Valerie Perkins, under the nom de plume of Valley Girl, has dispensed with the attention of the men-in-suits and balance-sheet record execs, and launched an album all on her own. Albeit with the aid of some famous and not-quite-as-famous knob-twiddlers.

There ain't nothing wrong with the do-it-yourself ethic. We all know that parking your arse in a office all day clock-watching isn't necessarily gonna shake the world to its armpits and bring civilisation on, or even behind, a notch or two.

However, in a crowded marketplace, quality counts in large amounts. And plucky amateurs need to have some degree of ramshackle charm or singularity of vision to get noticed. Sadly, Valley Girl's debut Glamorous World doesn't really show either.

It's difficult to find exactly what constellation Perkins imagined her Glamorous World revolving in.

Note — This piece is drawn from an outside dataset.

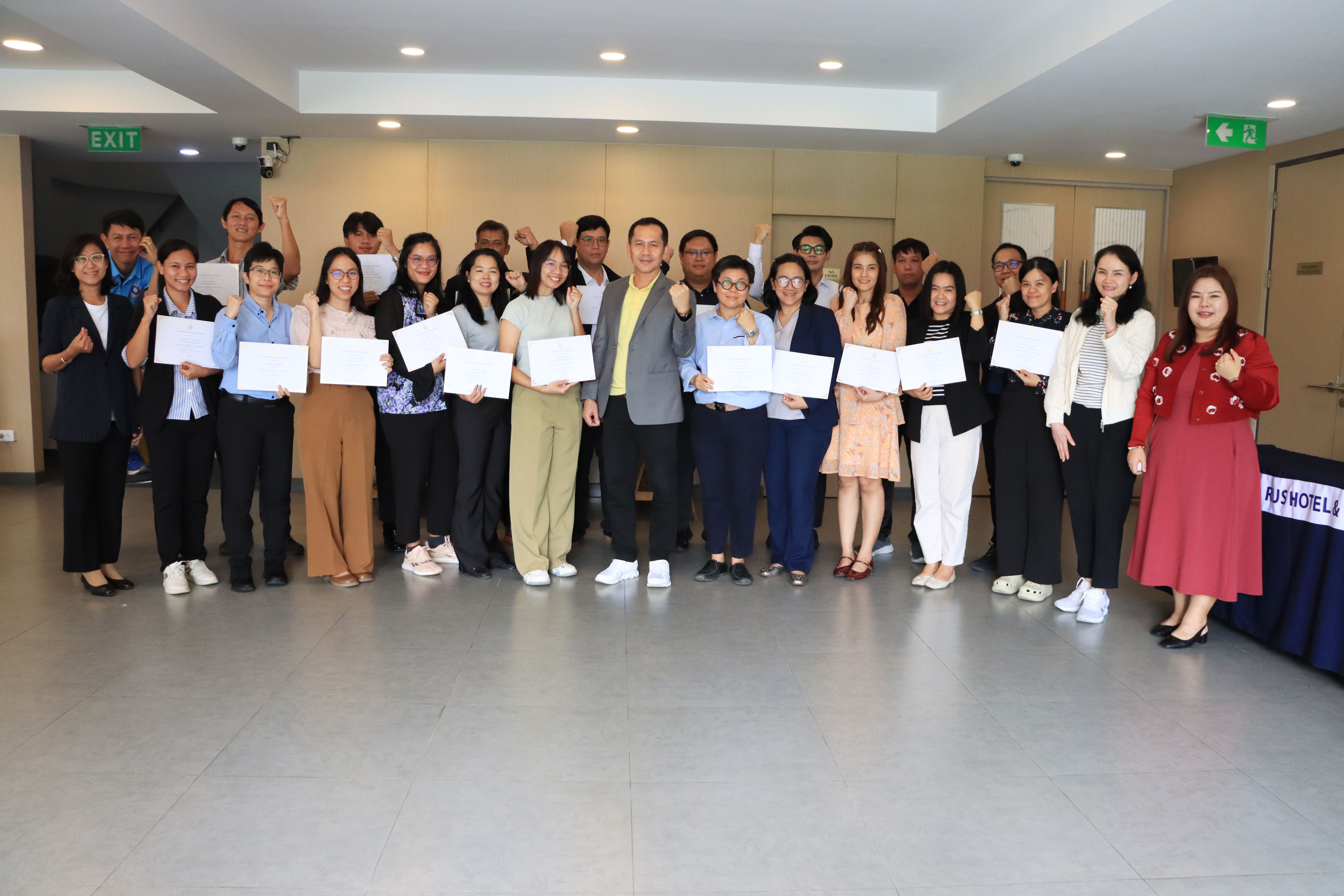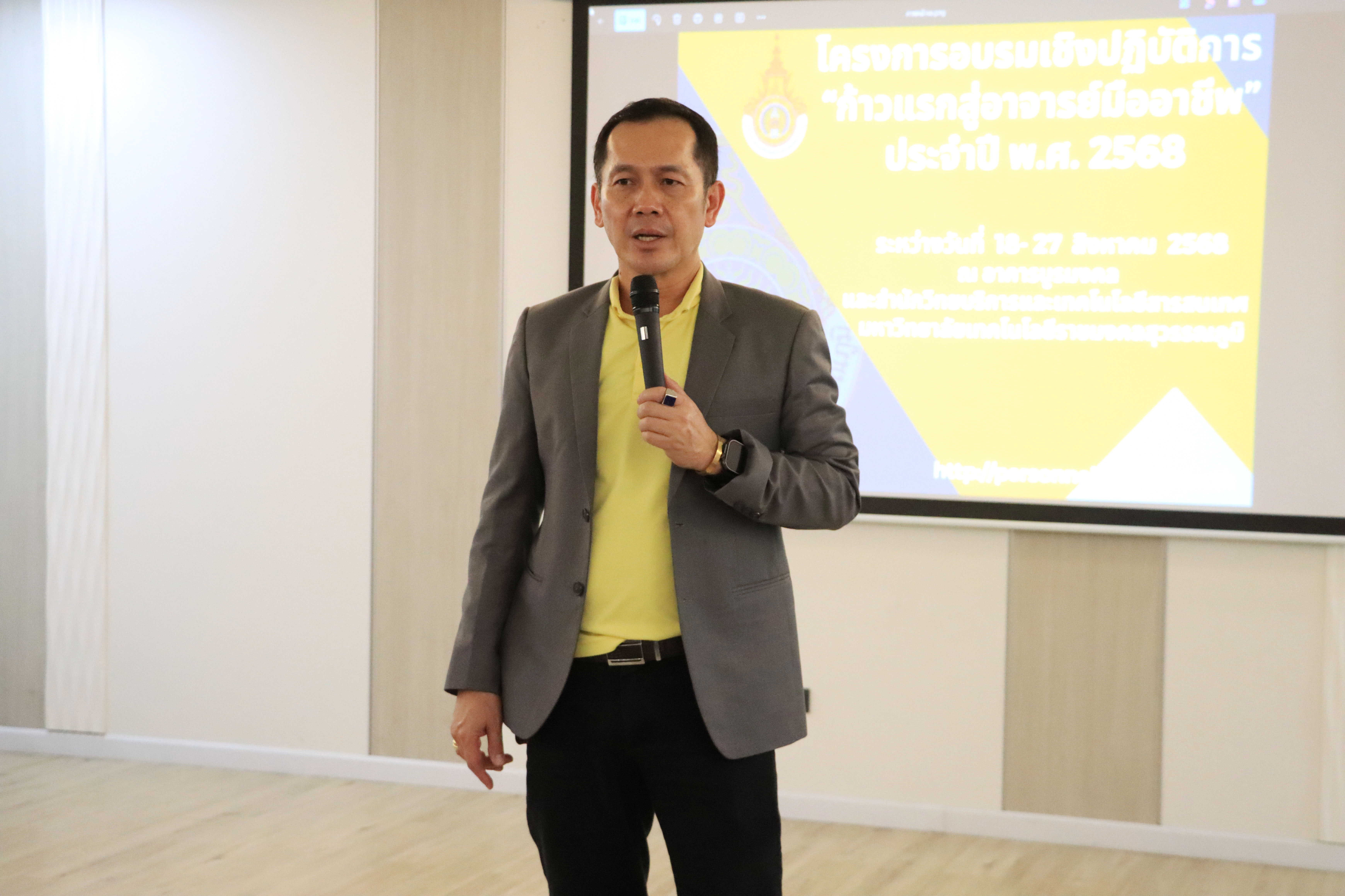 เมื่อวันพุธที่ 27 สิงหาคม 2568 รองศาสตราจารย์ ดร.ประมุข อุณหเลขกะ อธิการบดีมหาวิทยาลัย มอบหมายให้ ดร.กฤตย์ตนัย ธารารัตนสุวรรณ ผู้อำนวยการสำนักวิทยบริการและเทคโนโลยีสารสนเทศ กล่าวปิดการอบรมและมอบเกียรติบัตรแก่ผู้ผ่านการอบรม เชิงปฏิบัติการ “ก้าวแรกสู่อาจารย์มืออาชีพ” ประจำปี พ.ศ. 2568 จัดขึ้นเพื่อเตรียมความพร้อมและพัฒนาศักยภาพบุคลากรสายวิชาการให้ก้าวสู่การเป็นครูมืออาชีพที่มีคุณภาพ มีจรรยาบรรณ และสามารถตอบโจทย์การศึกษาในยุคปัจจุบันได้อย่างมีประสิทธิภาพ การอบรมครั้งนี้มุ่งเน้นการเสริมสร้างความรู้และทักษะด้านวิชาชีพครูในหลายมิติ อาทิ หลักคุณธรรมจรรยาบรรณวิชาชีพ การออกแบบหลักสูตร การจัดการเรียนรู้ จิตวิทยาพัฒนาการและการแนะแนว การใช้สื่อและเทคโนโลยีในชั้นเรียน การวัดและประเมินผลการเรียนรู้ตามกรอบ TPCK แนวคิด STEM การดำเนินการแบบ PLC ทักษะการนิเทศการสอนงาน ตลอดจนหลักสูตรวิชาชีพครูตามเกณฑ์มาตรฐานของกระทรวงศึกษาธิการ รวมชั่วโมงการอบรมไม่น้อยกว่า 60 ชั่วโมงโดยผู้มีผู้เข้าอบรมที่ผ่านการประเมินความรู้ในศาสตร์วิชาชีพครู และได้รับเกียรติบัตร กว่า 20 คน ท่ามกลางบรรยากาศอบอุ่นและเปี่ยมด้วยความภาคภูมิใจ

Much of the album is House-lite, tastefully-lit bar fare, neither subtle enough to strain a curious ear to, nor busy enough to intrude on wine-fuelled fat-chewing over property prices, carbon footprints and the merits of prospective England managers.

And then there are times (particularly on Cartoon Pictures) where Perkins is recast as PJ Harvey's bandwagon-jumping little sister. But where Somerset's finest often sounds as if she's howling lonesome under a baleful moon, Ms. Perkins just sounds as if she's getting over a particularly troublesome hangover.

Given some of the hired help, it's also doubtful whether Perkins's beginner's status is truly ironclad. Some networking must have taken place to enlist the aid of 7Hurtz's Lascelle, Position Normal's Chris Bailiff, and more notably, the DFA duo of James Murphy and Tim Goldsworthy.

Despite their input, much of Glamorous World gets lost in a forced desire to offer some sensual underpinning to all the retro-Housiness. Perkins' own voice lacks the depth to drag the studio-bound treatments up a notch into any level of absorption into her muse.

Compare this album to Maurice Fulton and Kathy Diamond's masterful rediscovery of House's soul-edged capabilities on this year's Miss Diamond To You, and the difference is a big as the nose on yer face. Particularly if you've got a really big hooter.

All that said, the presence of the LCD Soundsystem on Power To You Child and Dizzy Star does manage to drag Glamorous World away from the rather grumbly atmos. Amazing what a few uplifting key changes can do.

Without their help, the only time the album really hits the mark is on the slinky paean to submission, Addicted. Carried away on some buzzing Beloved-like b-line's, for once Perkins doesn't sound outgunned by the arrangements, and out-of-place with all the digital bleaching.

Ultimately, Glamorous World is one for the LCD completists.